IO Handlers¶
BaseIOHandler¶
Abstract base class for IO handlers. Extends pydantic_settings.BaseSettings, so handler configuration can be resolved from environment variables, .env files, or explicit kwargs.
All IO handlers must inherit from BaseIOHandler. Duck-typing is not supported.
from rivers import BaseIOHandler
class MyHandler(BaseIOHandler):
def handle_output(self, context: OutputContext, obj: Any) -> None:
...
def load_input(self, context: InputContext) -> Any:
...
Abstract methods:
| Method | Signature |
|---|---|
handle_output |
(context: OutputContext, obj: Any) -> None |
load_input |
(context: InputContext) -> Any |
OutputContext¶
Passed to handle_output() with information about the asset being written.
Attributes:
| Attribute | Type | Description |
|---|---|---|
asset_name |
str |
Name of the asset. |
asset_metadata |
dict[str, str] \| None |
Static metadata from asset definition. |
partition |
PartitionContext \| None |
Partition info, if partitioned. |
type_hint |
type \| None |
Return type annotation. |
output_metadata |
dict[str, MetadataValue] \| None |
Metadata attached during execution. |
Methods:
def add_output_metadata(
self,
metadata: dict[str, str | int | float | bool | None | MetadataValue],
) -> None
Attach runtime metadata to the output.

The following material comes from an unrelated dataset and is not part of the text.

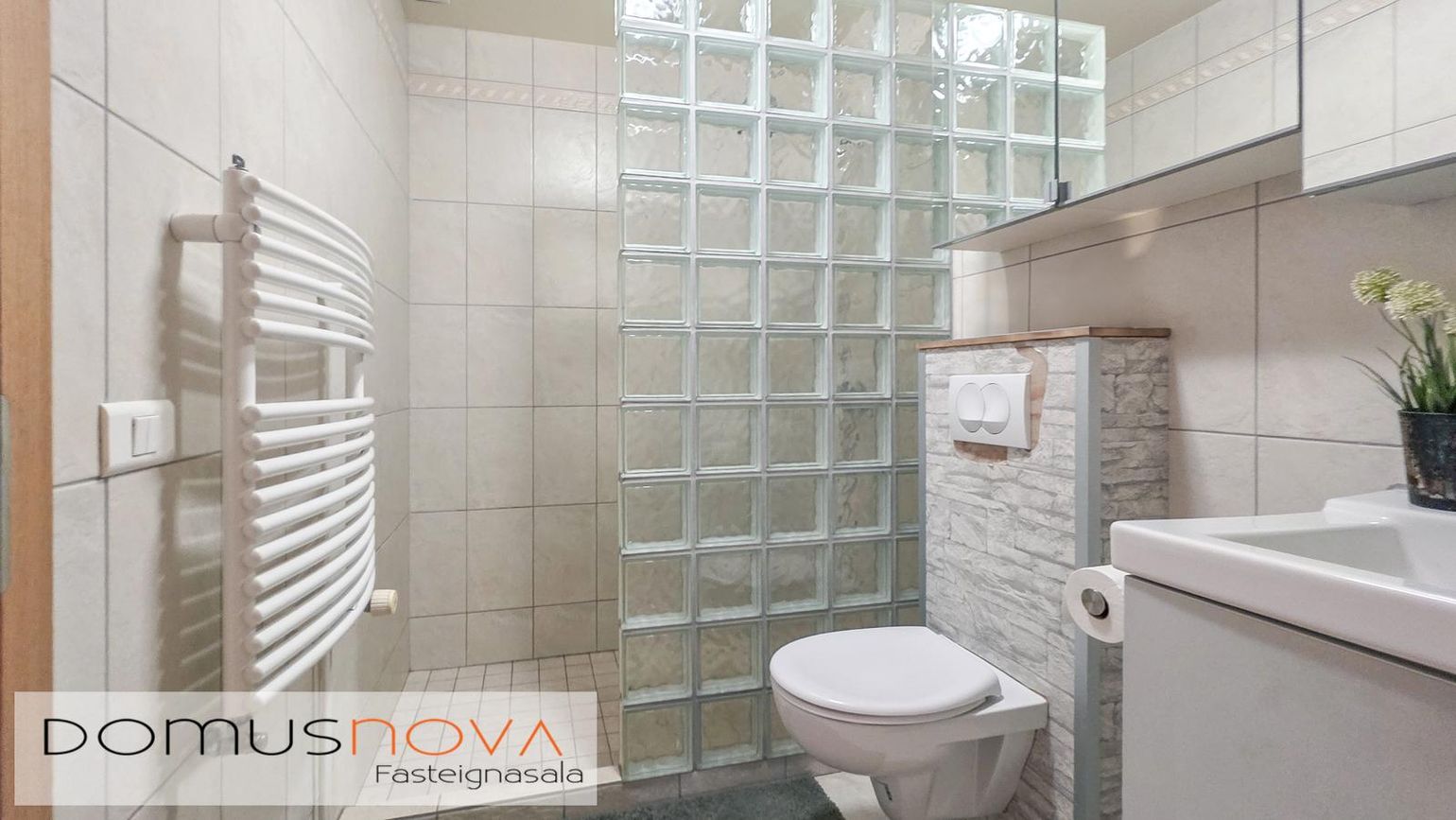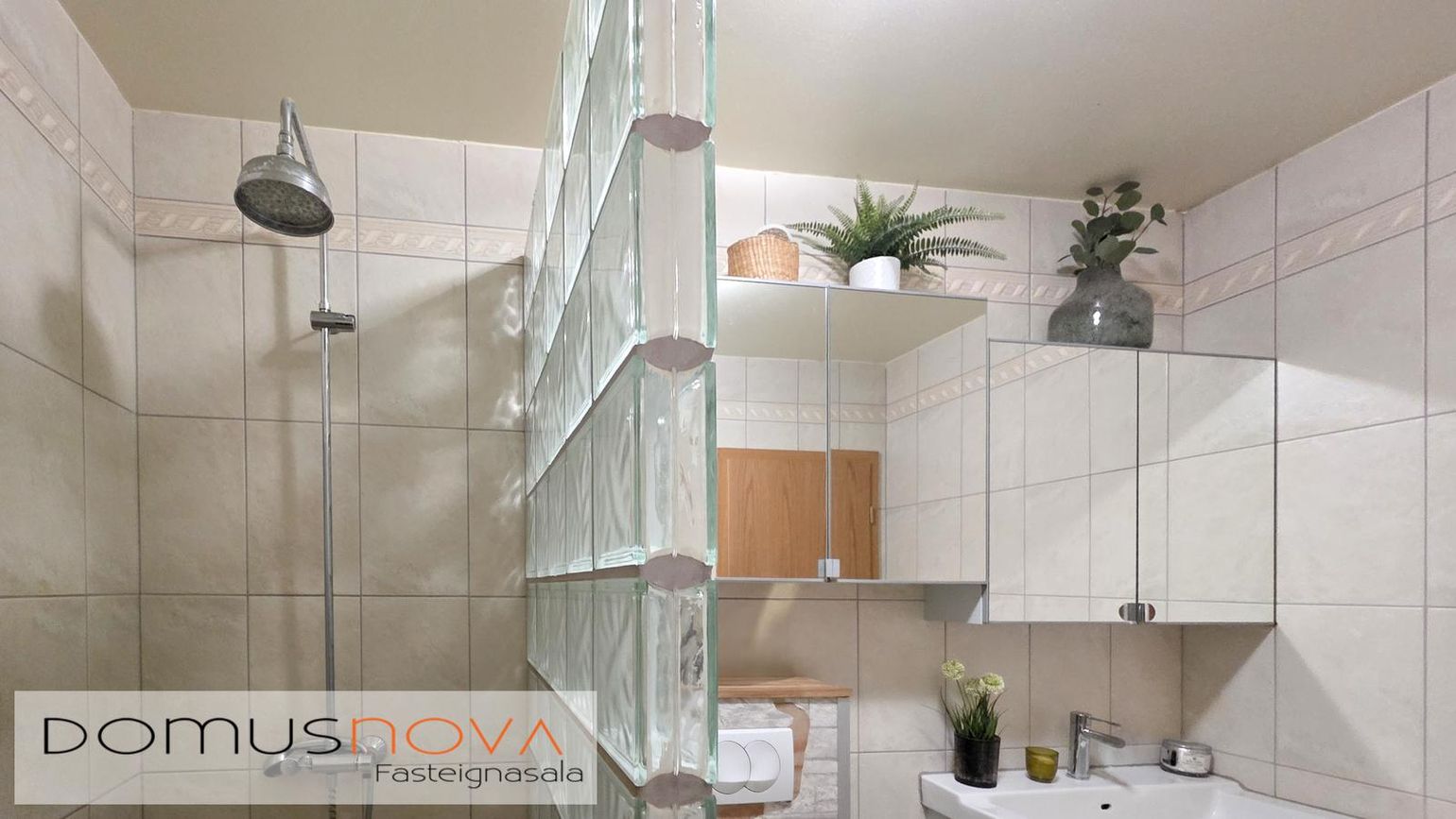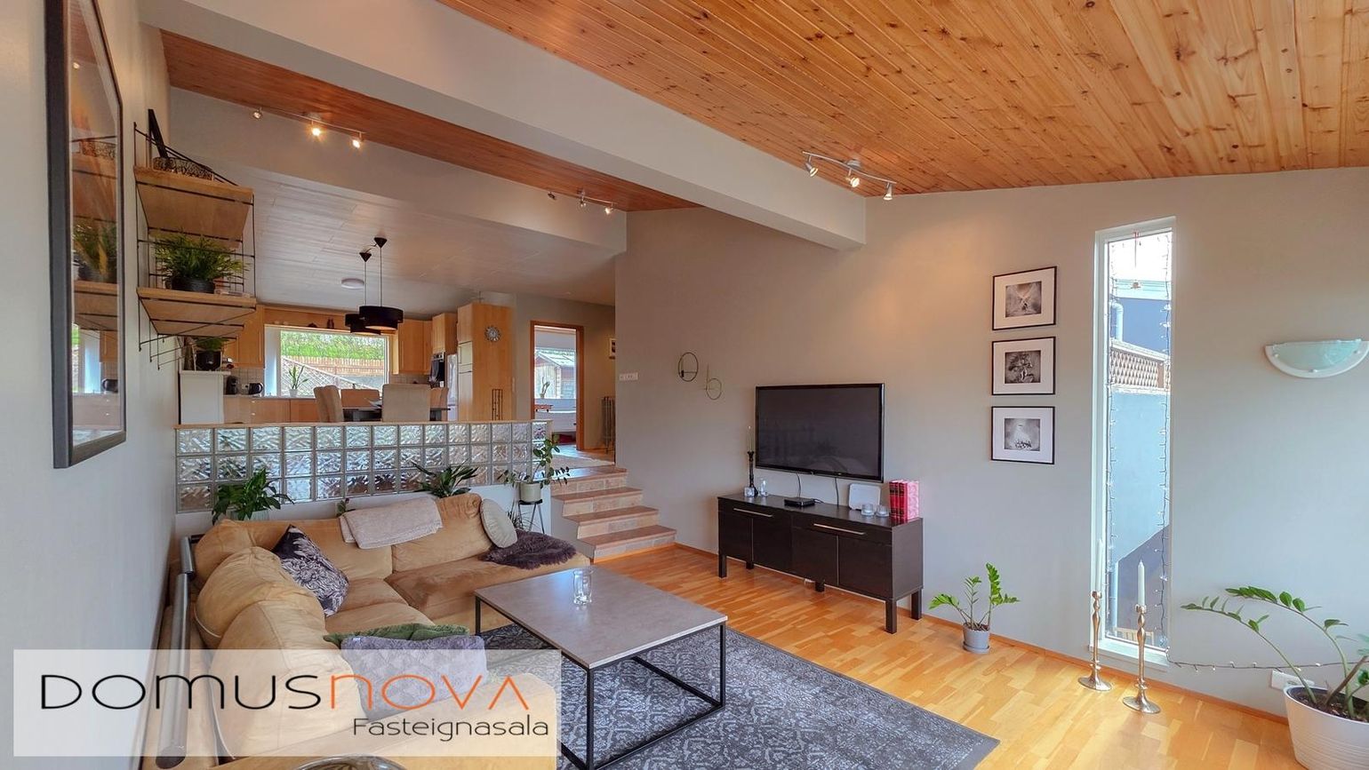 Innbyggð eldhúsinnrétting, ný þvottavél/sturta og rafdrifin bílskúrshurð.
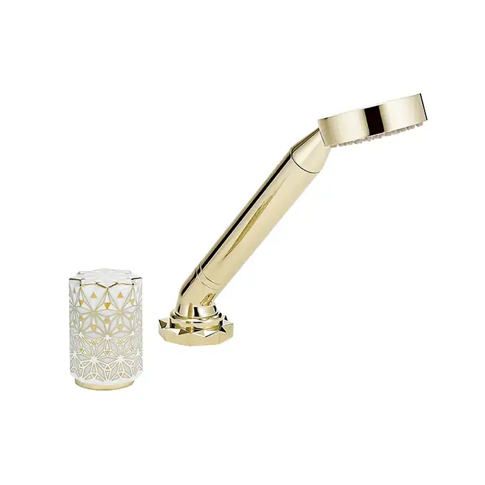 THG NIHAL PORCELAINE IVOIRE Смеситель на борт ванны на 2 отверстия, прогрессивный, с ручным душем, цвет Soft gold

Values are automatically converted to MetadataValue instances.
Record a content-addressable data-version string for this output. Used by automation conditions like data_version_changed().
InputContext¶
Passed to load_input() with information about the asset being loaded.
Attributes:
| Attribute | Type | Description |
|---|---|---|
asset_name |
str |
Name of the upstream asset. |
downstream_asset |
str |
Name of the asset requesting the load. |
asset_metadata |
dict[str, str] \| None |
Static metadata from the upstream asset. |
partition |
PartitionContext \| None |
Partition info, if partitioned. |
type_hint |
type \| None |
Type annotation on the downstream parameter. |
InMemoryIOHandler¶
Stores outputs in a Python dictionary. No persistence across runs. This is the default IO handler — assigned automatically to all assets and tasks that don't have an explicit handler.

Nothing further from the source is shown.